There was something wonderfully magical about Viva Piñata. It was easy for tending to one’s garden to border on obsession, as building a sustainable ecosystem through both the comfort of nurture and the ruthlessness of nature, had me running home from work at lunchtime to briefly play god from the comfort of a beautifully manicured garden. From the second my first Whirlm crawled into my garden, who I proceeded to affectionately and maturely name Bellend, Rare’s world was the place I’d go home to at the end of the day. It was my secret garden, complete with trampoline.
And from the humble beginnings of your first Whirlm the garden will grow and so too will the ecosystem of the creatures that inhabit it. All manner of delightful looking creatures will stumble across your garden, sniffing around the edges, wanting to call it their home. And it will become your life’s purpose to accomodate them, to find a way to coax a couple of heart-meltingly adorable Galagoogoos onto your land, and then to get them randy enough to have a good old root in their lavish hutch. And by Jove you’ll have the best damn pedigree Piñata in all the land!
But before all this, you have to learn both the wonders and vicissitudes of life, that it can be beautiful at the same time as it can be cruel. As your ambitions as a gardener grow, and the beautiful family of four Whirlms you’ve tended to aren’t enough anymore, you’ll become ruthless in your pursuit of garden biodiversity. First it’ll be a Sparrowmint. And then another.
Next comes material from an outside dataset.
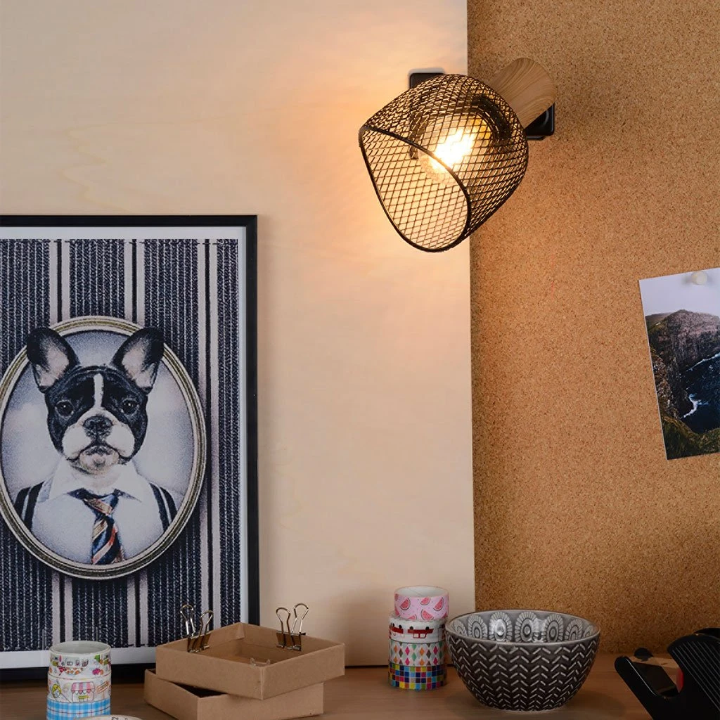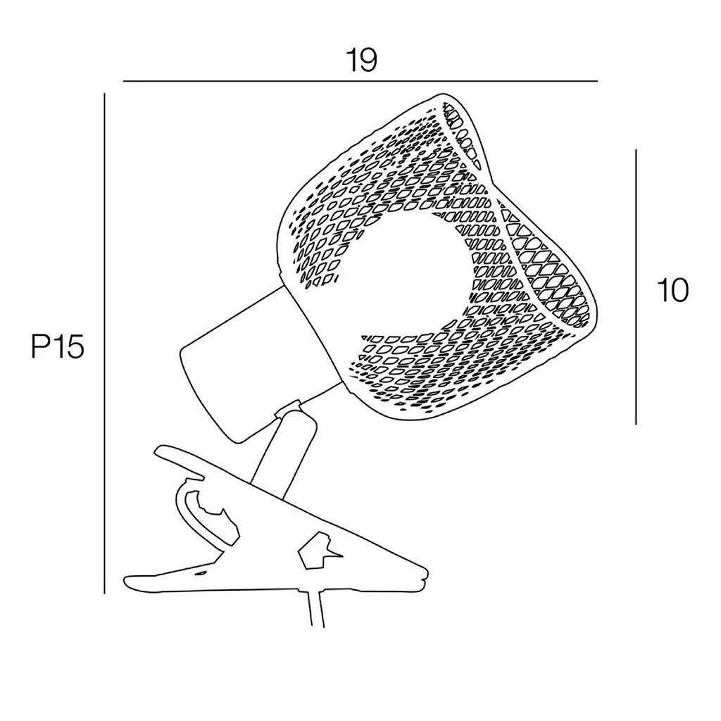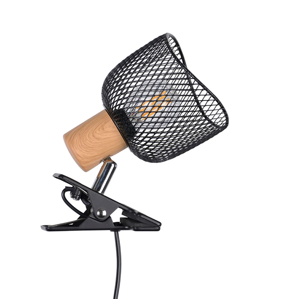 Spot à pince base métal avec abat-jour en métal grillagé peint et finition effet bois. Tête articulée et pince en plastique. Coloris : noir. IP20. H19cm-L10cm-P15cm. Classe 2. E14-25W.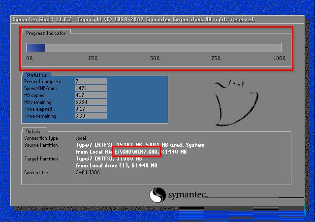 6、 重启后,那么就会进入的是系统还原,大家能看通过查看还原进度条来查看还原进度。

But at some point you’ll want more than just the Bellend family and a couple of Sparrowmints hopping around on your perfectly mowed lawn. You want a Fudgehog and you want it bad. And that’s the precise moment your mind shifts from ‘maternal’ to mega-lo-mania.
Just moments after you’ve seen the once lone Bellend raise a family of his own, with a wife and couple of kids roaming about the garden, you’re forced to the watch the family be torn apart. It all moves in slow motion as the Fudgehog that has been scoping the garden for days, watching the Bellend family from the outskirts of your prefab paradise, swoops in and attacks the unsuspecting littlest Whirlms. And a bloodbath ensues – or rather a lollybath – as the Fudgehog tears into paper exteriors to get to the deliciously sweet insides. But at tragic as it was watching the garden intruder tuck into little Bellend Junior and his sister Bellendette, that was the moment was when I realised that Viva Piñata was literally making me call the shots on nature, and decide which species would live and which would die and which I would sacrifice for the betterment of the garden. And so while you farm your flock of adorable and fluffy Goobaa it’s impossible to not feel guilty that you’re doing it knowing full well they’re head for the slaughter at the hands of a nearby carnivore.
For me Viva Piñata took hold of my innate desire to play god, while tapping into that little obsessive corner of my brain to keep me throughly occupied with the more micro curating of an aesthetically pleasing but functional garden. A beautiful flower here, a lovely water-fern there, a gate to ease racial tensions everywhere. But while the game masquerades as a nice little sim-like game with cute-as-a-button characters and myriad of items both decorative and function to fill your garden with, it is actually a game that rather covertly teaches you about the fragility of biodiversity. And the worst part is that every step of the ecosystem’s food chain lives or dies by your choices.
No one said playing god would be easy.